Among the records below, find the line that has "Is that one"; from there, give the lines again exactly, and stop after the line that has "Ob Quadrocopter, Hexacopter".

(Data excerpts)
————————

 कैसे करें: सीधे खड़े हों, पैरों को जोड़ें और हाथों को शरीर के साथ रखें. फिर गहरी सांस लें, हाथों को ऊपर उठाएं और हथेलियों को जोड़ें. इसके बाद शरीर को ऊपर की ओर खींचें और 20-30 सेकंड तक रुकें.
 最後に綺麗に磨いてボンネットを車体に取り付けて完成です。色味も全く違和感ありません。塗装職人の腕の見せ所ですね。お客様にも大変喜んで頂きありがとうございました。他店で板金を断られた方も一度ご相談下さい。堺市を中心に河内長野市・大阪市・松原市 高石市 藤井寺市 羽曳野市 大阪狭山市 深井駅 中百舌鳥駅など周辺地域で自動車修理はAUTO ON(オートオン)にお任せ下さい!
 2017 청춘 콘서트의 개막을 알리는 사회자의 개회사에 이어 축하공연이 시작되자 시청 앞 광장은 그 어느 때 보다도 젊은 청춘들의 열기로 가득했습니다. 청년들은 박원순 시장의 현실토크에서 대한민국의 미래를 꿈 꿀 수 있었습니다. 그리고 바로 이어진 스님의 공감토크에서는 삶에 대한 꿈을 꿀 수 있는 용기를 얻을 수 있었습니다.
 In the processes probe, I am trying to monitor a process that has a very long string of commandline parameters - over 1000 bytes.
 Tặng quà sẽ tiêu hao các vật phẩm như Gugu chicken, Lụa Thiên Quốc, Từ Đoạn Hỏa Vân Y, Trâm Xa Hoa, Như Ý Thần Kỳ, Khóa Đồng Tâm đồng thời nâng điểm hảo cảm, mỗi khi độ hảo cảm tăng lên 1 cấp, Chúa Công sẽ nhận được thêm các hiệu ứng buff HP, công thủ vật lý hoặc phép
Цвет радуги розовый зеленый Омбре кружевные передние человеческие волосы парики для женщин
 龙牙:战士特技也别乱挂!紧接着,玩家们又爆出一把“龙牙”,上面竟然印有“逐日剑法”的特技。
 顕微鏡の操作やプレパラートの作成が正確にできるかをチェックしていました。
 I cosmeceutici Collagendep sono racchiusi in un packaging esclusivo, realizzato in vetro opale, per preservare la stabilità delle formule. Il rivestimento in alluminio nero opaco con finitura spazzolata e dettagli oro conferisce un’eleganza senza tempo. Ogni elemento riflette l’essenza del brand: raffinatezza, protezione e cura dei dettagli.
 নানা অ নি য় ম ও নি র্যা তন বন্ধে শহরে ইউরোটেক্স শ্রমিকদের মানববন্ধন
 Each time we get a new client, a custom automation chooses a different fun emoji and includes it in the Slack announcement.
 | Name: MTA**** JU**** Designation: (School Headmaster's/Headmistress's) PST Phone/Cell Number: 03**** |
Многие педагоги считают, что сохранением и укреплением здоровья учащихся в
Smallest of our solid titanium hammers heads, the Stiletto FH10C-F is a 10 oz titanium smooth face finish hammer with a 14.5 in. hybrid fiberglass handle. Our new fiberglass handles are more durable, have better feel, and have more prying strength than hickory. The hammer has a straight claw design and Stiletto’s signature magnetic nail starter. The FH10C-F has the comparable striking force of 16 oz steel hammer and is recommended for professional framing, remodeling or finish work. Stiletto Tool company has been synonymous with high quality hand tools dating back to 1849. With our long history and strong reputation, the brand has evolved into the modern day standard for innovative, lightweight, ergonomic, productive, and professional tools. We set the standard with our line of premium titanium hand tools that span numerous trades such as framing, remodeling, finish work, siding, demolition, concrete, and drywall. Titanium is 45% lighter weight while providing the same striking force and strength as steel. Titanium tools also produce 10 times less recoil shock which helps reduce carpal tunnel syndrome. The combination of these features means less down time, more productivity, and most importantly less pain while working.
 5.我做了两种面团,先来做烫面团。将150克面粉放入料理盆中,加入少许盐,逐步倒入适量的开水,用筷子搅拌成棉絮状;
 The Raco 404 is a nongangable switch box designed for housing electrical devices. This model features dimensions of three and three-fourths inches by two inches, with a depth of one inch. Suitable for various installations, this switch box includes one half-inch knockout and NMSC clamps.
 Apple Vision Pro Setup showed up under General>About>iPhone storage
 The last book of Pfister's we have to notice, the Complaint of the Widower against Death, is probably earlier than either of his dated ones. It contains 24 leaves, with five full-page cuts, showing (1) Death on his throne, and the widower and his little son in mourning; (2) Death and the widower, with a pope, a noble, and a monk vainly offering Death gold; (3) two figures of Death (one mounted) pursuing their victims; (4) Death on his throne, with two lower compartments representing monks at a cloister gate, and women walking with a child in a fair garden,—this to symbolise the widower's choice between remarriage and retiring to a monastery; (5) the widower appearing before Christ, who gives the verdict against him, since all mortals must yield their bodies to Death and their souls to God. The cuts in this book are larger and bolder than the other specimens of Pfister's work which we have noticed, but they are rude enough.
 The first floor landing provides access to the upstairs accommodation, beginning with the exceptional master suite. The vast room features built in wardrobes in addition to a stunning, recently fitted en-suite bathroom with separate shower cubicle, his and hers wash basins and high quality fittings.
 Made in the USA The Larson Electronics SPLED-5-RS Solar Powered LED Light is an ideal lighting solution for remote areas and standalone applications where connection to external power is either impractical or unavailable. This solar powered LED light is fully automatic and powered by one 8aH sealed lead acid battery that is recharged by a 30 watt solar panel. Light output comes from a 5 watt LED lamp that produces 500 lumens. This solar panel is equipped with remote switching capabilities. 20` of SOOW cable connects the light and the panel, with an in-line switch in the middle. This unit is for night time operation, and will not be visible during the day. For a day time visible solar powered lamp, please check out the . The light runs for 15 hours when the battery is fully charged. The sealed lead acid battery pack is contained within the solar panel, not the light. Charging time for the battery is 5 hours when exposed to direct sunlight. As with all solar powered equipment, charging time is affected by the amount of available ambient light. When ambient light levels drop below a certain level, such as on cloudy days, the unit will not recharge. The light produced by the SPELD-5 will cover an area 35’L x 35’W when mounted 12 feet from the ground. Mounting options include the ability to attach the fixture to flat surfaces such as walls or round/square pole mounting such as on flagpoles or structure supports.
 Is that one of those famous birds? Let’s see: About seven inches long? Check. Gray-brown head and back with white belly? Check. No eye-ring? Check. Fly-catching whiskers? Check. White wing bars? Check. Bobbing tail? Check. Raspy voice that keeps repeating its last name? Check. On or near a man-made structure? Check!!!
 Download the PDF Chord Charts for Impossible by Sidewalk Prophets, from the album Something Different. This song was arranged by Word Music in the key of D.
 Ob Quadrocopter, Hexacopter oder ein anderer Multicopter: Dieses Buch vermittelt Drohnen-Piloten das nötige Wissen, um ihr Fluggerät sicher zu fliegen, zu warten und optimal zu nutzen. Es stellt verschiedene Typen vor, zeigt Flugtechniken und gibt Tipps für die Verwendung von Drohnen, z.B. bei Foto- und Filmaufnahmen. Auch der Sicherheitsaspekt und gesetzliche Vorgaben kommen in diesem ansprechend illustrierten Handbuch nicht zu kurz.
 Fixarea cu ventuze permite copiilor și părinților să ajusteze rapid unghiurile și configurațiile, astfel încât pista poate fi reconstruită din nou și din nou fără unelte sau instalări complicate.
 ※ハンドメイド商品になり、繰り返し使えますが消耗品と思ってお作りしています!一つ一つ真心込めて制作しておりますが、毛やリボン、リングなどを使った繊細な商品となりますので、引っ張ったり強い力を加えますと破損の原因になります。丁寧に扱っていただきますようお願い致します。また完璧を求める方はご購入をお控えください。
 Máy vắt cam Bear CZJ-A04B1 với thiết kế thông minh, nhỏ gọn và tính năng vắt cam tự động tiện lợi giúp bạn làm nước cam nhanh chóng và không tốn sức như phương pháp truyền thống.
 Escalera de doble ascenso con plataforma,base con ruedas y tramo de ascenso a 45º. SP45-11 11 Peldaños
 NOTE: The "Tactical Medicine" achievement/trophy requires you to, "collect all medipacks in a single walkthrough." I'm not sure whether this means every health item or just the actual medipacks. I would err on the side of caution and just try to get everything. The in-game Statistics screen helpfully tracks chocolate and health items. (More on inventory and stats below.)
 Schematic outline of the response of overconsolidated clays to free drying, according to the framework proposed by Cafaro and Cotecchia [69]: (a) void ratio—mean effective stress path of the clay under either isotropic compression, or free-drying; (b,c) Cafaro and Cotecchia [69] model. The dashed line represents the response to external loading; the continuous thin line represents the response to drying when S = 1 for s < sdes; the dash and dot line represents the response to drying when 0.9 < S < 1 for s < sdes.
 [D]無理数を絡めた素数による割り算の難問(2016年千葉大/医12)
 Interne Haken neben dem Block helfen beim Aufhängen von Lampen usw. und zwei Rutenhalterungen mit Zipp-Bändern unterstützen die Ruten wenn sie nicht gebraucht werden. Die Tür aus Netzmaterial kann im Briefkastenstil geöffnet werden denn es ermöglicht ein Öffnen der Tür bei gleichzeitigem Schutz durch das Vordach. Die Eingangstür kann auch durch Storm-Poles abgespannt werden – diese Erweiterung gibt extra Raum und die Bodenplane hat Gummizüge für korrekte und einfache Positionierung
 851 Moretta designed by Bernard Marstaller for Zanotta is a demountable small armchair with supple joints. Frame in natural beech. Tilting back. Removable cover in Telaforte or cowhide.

————————

▸ EXERCISE RESULT:
 Is that one of those famous birds? Let’s see: About seven inches long? Check. Gray-brown head and back with white belly? Check. No eye-ring? Check. Fly-catching whiskers? Check. White wing bars? Check. Bobbing tail? Check. Raspy voice that keeps repeating its last name? Check. On or near a man-made structure? Check!!!
 Download the PDF Chord Charts for Impossible by Sidewalk Prophets, from the album Something Different. This song was arranged by Word Music in the key of D.
 Ob Quadrocopter, Hexacopter oder ein anderer Multicopter: Dieses Buch vermittelt Drohnen-Piloten das nötige Wissen, um ihr Fluggerät sicher zu fliegen, zu warten und optimal zu nutzen. Es stellt verschiedene Typen vor, zeigt Flugtechniken und gibt Tipps für die Verwendung von Drohnen, z.B. bei Foto- und Filmaufnahmen. Auch der Sicherheitsaspekt und gesetzliche Vorgaben kommen in diesem ansprechend illustrierten Handbuch nicht zu kurz.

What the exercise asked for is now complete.